Incidents make us feel uncomfortable. They remind us that we don’t have control, that the system can behave in ways that we didn’t expect. When an incident happens, the world doesn’t make sense.
A natural reaction to an incident is an effort to identify how the incident could have been avoided. The term for this type of effort is counterfactual reasoning. It refers to thinking about how, if the people involved had taken different actions, events would have unfolded differently. Here are two examples of counterfactuals:
- If the engineer who made the code change had written a test for feature X, then the bug would never have made its way into production.
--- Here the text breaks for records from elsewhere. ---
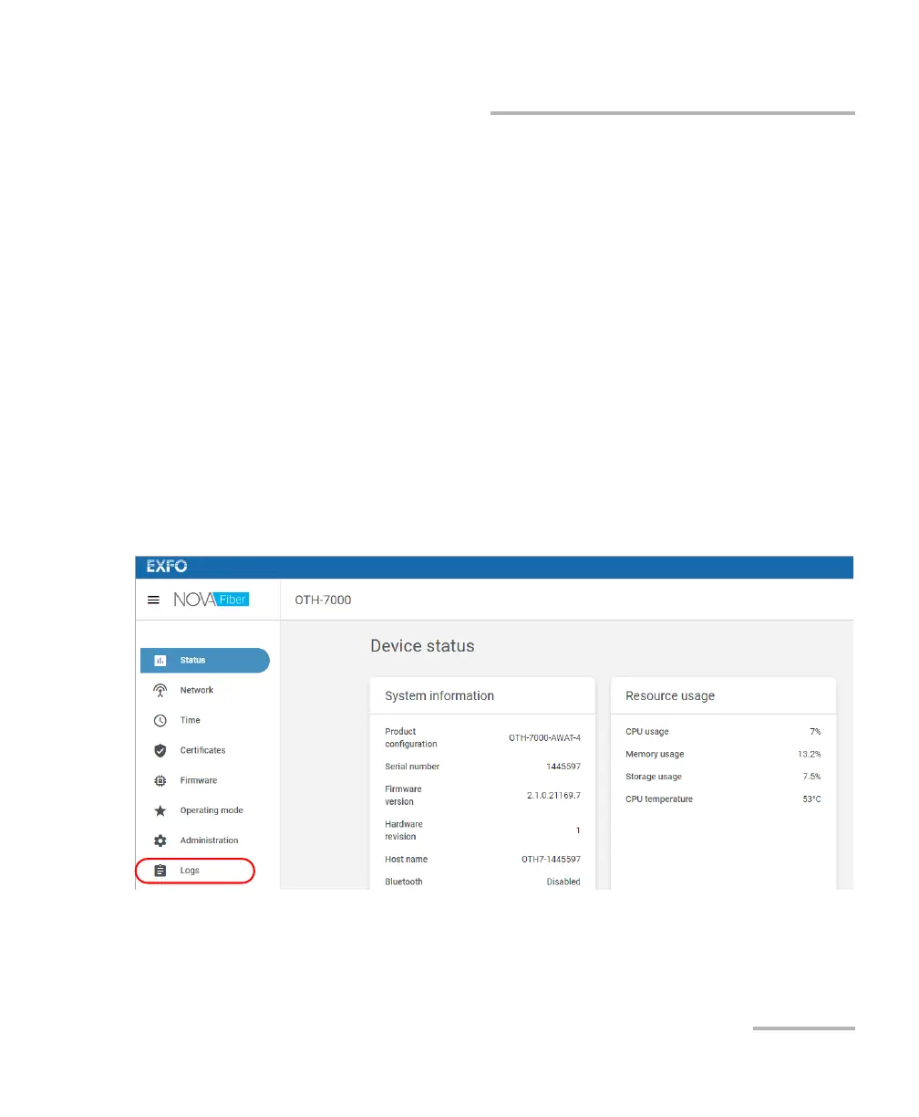 3. From the Nova Fiber Web application, go to the Logs page.
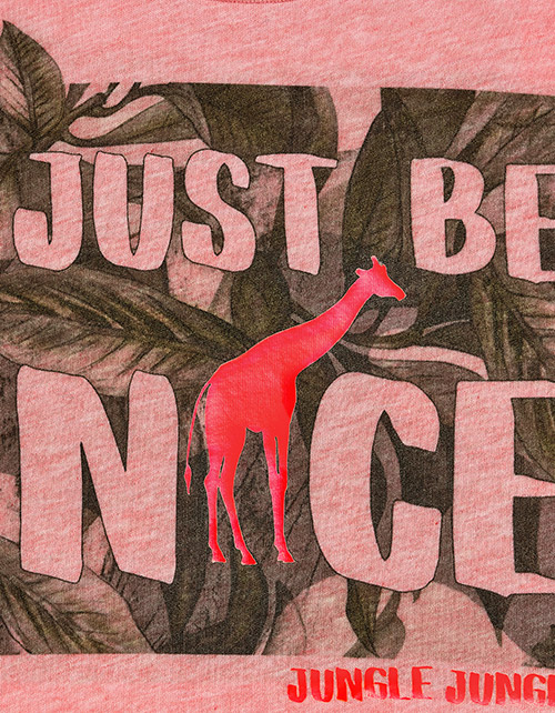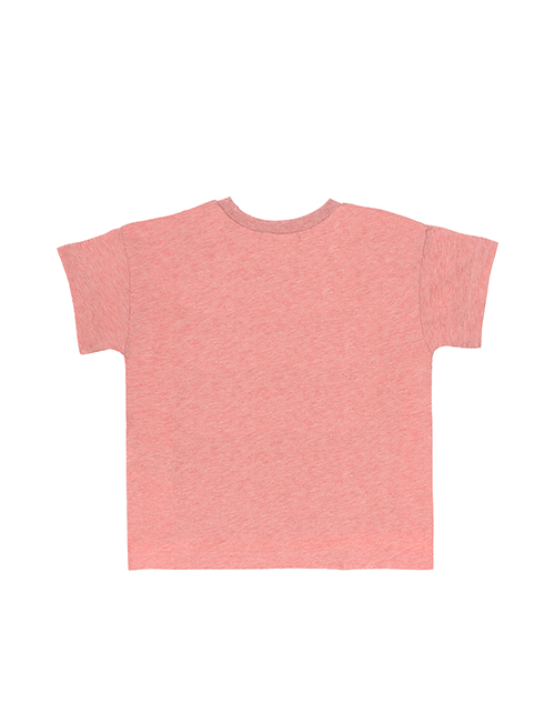 Футболка для мальчика цвета розовый меланж с удлиненной спинкой. Круглый вырез горловины. Принт в стилистике капсулы "Джунгли трип".
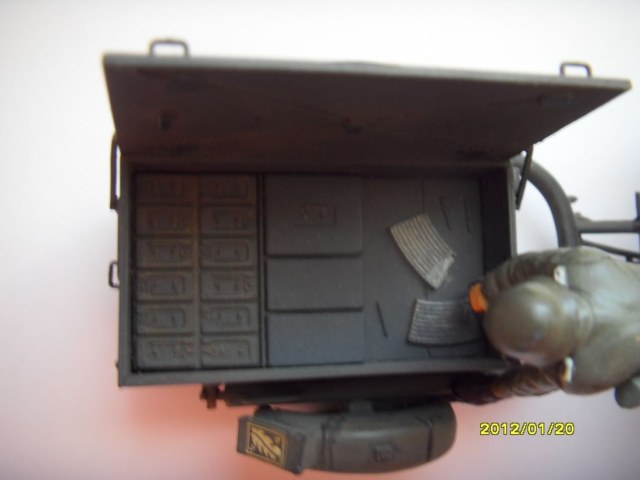 Если зенитка в работе то все борта должны быть откинуты. Аккуратную сборку машины портят фигурки, особенно оператора, рукавицы на руках, неубранные следы от стыка прессформ... Тонировочки маловато, особенно в прицепе с боеприпасами, ощущение что короб монолитный внутри. Как уже сказал Дмитрий, пол зенитки должен быть натерт ну если не до блеска то до грунта точно.
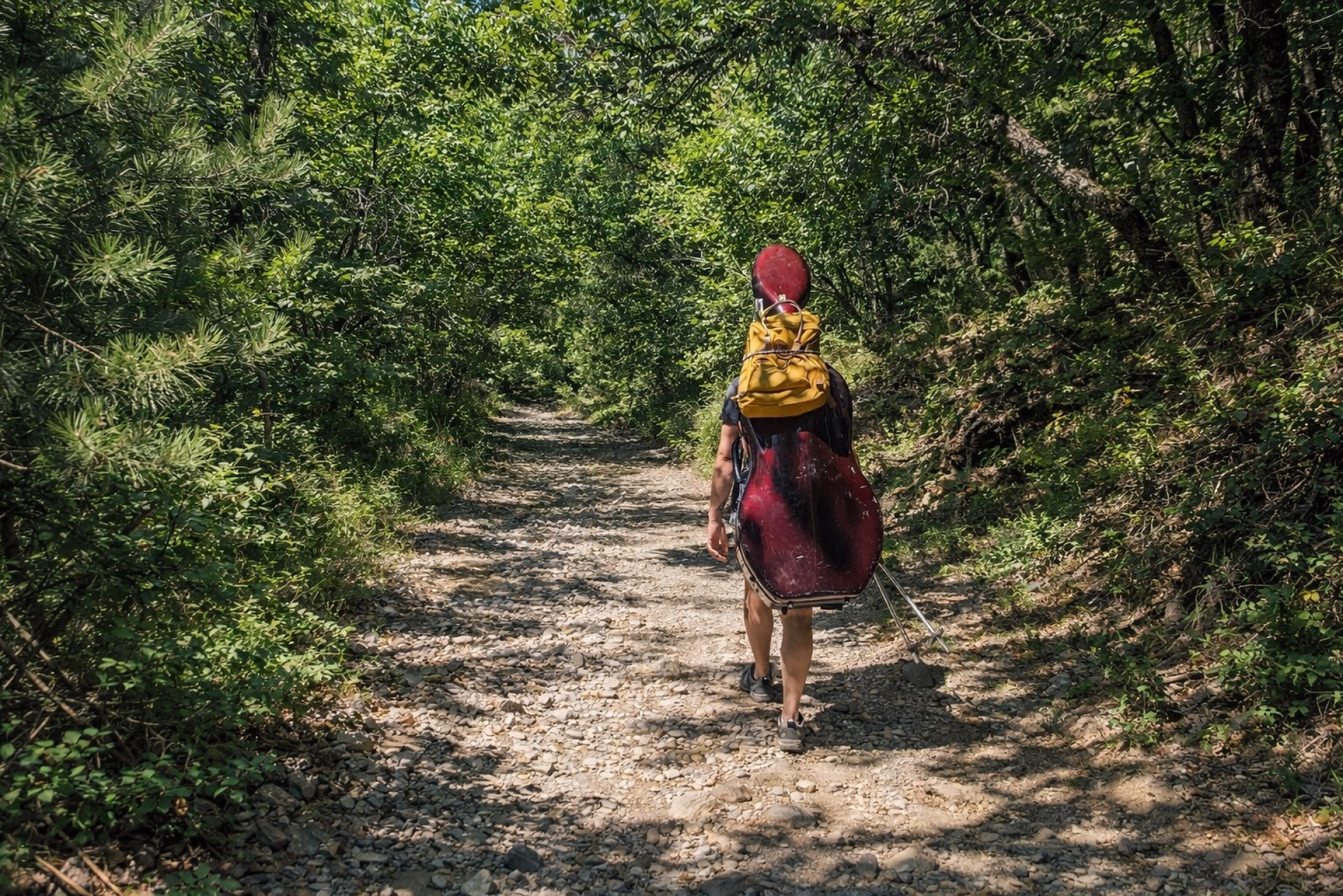 Le chemin prends de la hauteur au-dessus du village de Montmaur, dans la forêt, avant de remonter le Rif de l’Arc jusqu’aux gîtes de Matacharre où la première session musicale aura lieu.
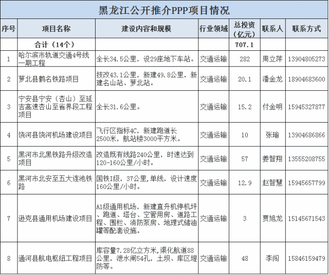 黑龍江省發(fā)改委、財(cái)政廳聯(lián)合推介交通運(yùn)輸、水利、重大市政工程等14個(gè)PPP項(xiàng)目,總投資707.1億元。

- If the team members had paid attention to the email alerts that had fired, they would have diagnosed the problem much sooner.
Counterfactual reasoning is comforting because it restores the feeling that the world makes sense. What felt like a surprise is, in fact, perfectly comprehensible. What’s more, it could even have been avoided, if only we had taken the right actions and paid attention to the right signals.
While counterfactual reasoning helps restore our feeling that the world makes sense, the problem with it is that it doesn’t help us get better at avoiding or dealing with future incidents. The reason it doesn’t help is that counterfactual reasoning gives us an excuse to avoid the messy problem of understanding how we missed those obvious-in-retrospect actions and signals in the first place.
It’s one thing to say “they should have written a test for feature X”. It’s another thing to understand the rationale behind the engineer not writing that test. For example:
- Did they believe that this functionality was already tested in the existing test suite?
- Were they not aware of the existence of the feature that failed?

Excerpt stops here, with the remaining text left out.